# Presidente/Presidenta



## turi

Hola buenas noches a todos.

No suelo merodear por este foro porqué mis conocimientos gramaticales son bastante limitados. Es por esto que quiero preguntaros si esto que me han mandado hoy es correcto:

*
**LECCIÓN** DE** GRAMÁTICA** 
Un poco de gramática bien explicada.**
*​
* **
¿PRESIDENTE o PRESIDENTA?**
**
En español existen los participios activos como derivados de los tiempos verbales.**
*
*El participio activo del verbo atacar, es atacante; el de salir, es saliente; el de cantar, es cantante; el de existir, existente. *
*¿Cuál es el participio activo del verbo ser?**
**
El participio activo del verbo ser, es "el ente". ¿Qué es el ente?.**
**
Quiere decir "que tiene entidad".
Por ese motivo, cuando queremos nombrar a la persona que denota capacidad de ejercer la acción que expresa el verbo, se le agrega al final "-nte".**
**
Por lo tanto, a la persona que preside se le dice presidente, no presidenta, independientemente del sexo que esa persona tenga.**
**
Se dice capilla ardiente, no ardienta; se dice estudiante, no  estudianta; se dice paciente, no pacienta; se dice dirigente y no dirigenta.**
**
Nuestros políticos -y muchos periodistas- no sólo hacen un mal uso del lenguaje por motivos ideológicos, sino por ignorancia de la gramática de la lengua española.*


Por adelantado muchísimas gracias por vuestras explicaciones.

Saludos, t.


----------



## zalacain56

Hola:
Yo opino que ambas son válidas, así lo reconoce el diccionario panhispánico de dudas. Una cosa es la historia de la lengua y otra cosa es el uso que el pueblo hace de esa lengua. Afortunadamente (en mi opinión) la tendencia de las academias actualmente es aprobar lo que está generalizado de frma mayoritaria, independientemente de su origen correcto o no. Por eso, la forma presidenta es correcta. Aquí te incluyo lo que dice el diccionario panhispánico:
*presidente*. ‘Persona que preside algo’ y, en una república, ‘jefe del Estado’. Por su terminación, puede funcionar como común en cuanto al género (_el/la presidente; _→</SPAN> género2, 1a y 3c): _«La designación de la presidente interina logró aplacar la tensión»_ (_Clarín_ [Arg.] 10.2.97); pero el uso mayoritario ha consolidado el femenino específico _presidenta:_ _«Tatiana, la presidenta del Comité, no le dejaba el menor espacio»_ (ÁlvzGil _Naufragios_ [Cuba 2002]). Sobre su escritura con mayúscula o minúscula inicial, →</SPAN> mayúsculas, 4.31 y 6.9.
Espero que te sirva. Un saludo


----------



## Yuturna

Buenas noches:

La RAE lo explica aquí: http://buscon.rae.es/dpdI/SrvltConsulta?lema=presidenta en el 3.c


----------



## flljob

Hay que recordarles que existen _gobernanta_ y _parienta_.

Ya saldrán más.

Saludos


----------



## Yuturna

Tienes razón flljob, pero justo en esos casos en femenino tienen un significado distinto que en masculino.
La gobernanta es la "jefe" de limpieza en un hotel y "parienta", al menos en España, es una forma bastante coloquial de llamar a la esposa. No se utiliza en masculino con el mismo sentido.


----------



## flljob

Tienes razón, y es algo que iba a comentar (el cambio de significado), pero se me olvidó.
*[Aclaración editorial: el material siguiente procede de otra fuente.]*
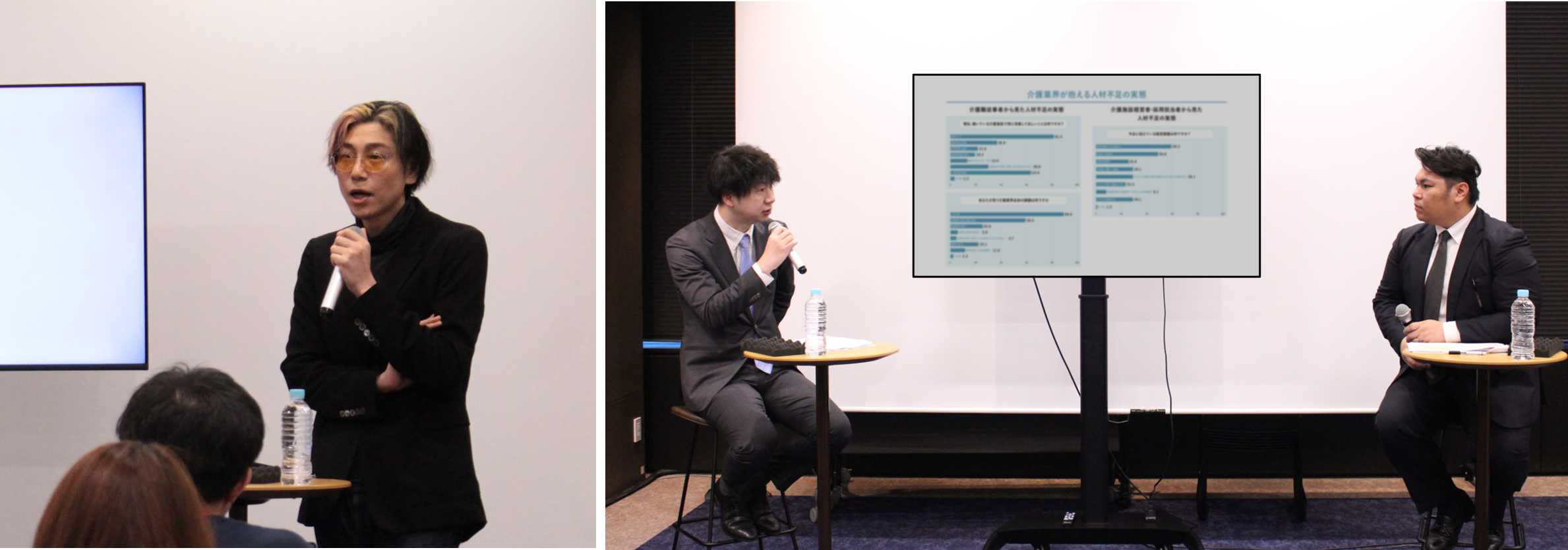 その後は、介護業界の実態について調査結果をもとに解説し、介護福祉士として実際に介護職従事経験もある事業部長の津村と株式会社EE21 入江氏がトークセッションを行いました。そこでは、人材不足によって実際に介護職の現場ではどのようなことがおこっているのか、また、最近の求職者の需要や専門スクールで聞かれる従事者の想いなども語られました。
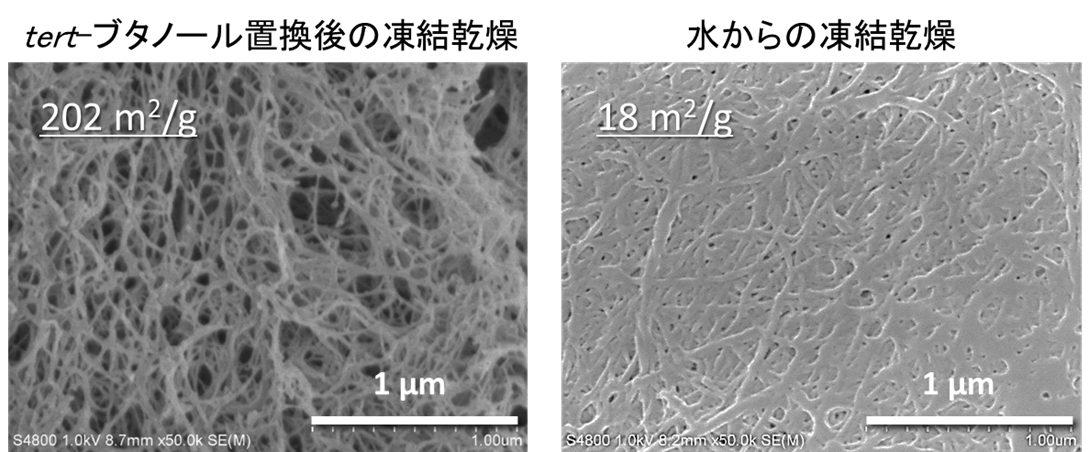■SEM(走査型電子顕微鏡)観察: 乾燥方法によって異なる市販CNFの形状観察

Y ¡cuidado!, que ya empecé a oír que hay miembros y miembr*a*s (_sic_) de una mesa directiva.

Saludos


----------



## ManPaisa

Del DRAE:
*-nte**.*


*1. *suf. Forma adjetivos verbales, llamados tradicionalmente participios activos. Toma la forma *-ante* cuando el verbo base es de la primera conjugación, *-ente* o *-iente,* si es de la segunda o tercera. Significa 'que ejecuta la acción expresada por la base'. _Agobiante, veraneante, absorbente, dirigente, dependiente, crujiente._ Muchos de estos adjetivos suelen sustantivarse, y algunos se han lexicalizado como sustantivos y han generado, a veces, una forma femenina en *-nta.* _Dirigente, dependiente, dependienta._


----------



## Yuturna

¡¡Aaaghhh!! ¡flljob, no me recuerdes las meteduras de pata de nuestra Ministra de Igualdad! ¡eso son patadas al diccionario y lo demás, tonterías!


----------



## ManPaisa

flljob said:


> Y ¡cuidado!, que ya empecé a oír que hay miembros y miembr*a*s (_sic_) de una mesa directiva.


 
Dentro de poco los hombres tendrán *miembros viriles* y las mujeres *miembras femeniles.*


----------



## flljob

Yuturna said:


> ¡¡Aaaghhh!! ¡flljob, no me recuerdes las meteduras de pata de nuestra Ministra de Igualdad! ¡eso son patadas al diccionario y lo demás, tonterías!


 
Yo no lo oí de la Ministra, lo oí en la Universidad Nacional Autónoma de México.

Saludos


----------



## Vampiro

ManPaisa said:


> Dentro de poco los hombres tendrán *miembros viriles* y las mujeres *miembras femeniles.*


Yo discrepo de ese concepto, porque en términos generales la miembra es más corta que el miembro y por lo tanto no pueden ser sinónimos.
Saludos.
_


----------



## Valeria Mesalina

El cambiar sistemáticamente el género a las palabras que no lo tienen me parece una soberana gilipollez. No obedece a ninguna regla gramatical ni a una evolución normal del lenguaje - que normalmente tiende a la economía. Es simplemente una tendencia que nos imponen: hay que ser políticamente correctos toda costa. Incluso a costa del sentido común.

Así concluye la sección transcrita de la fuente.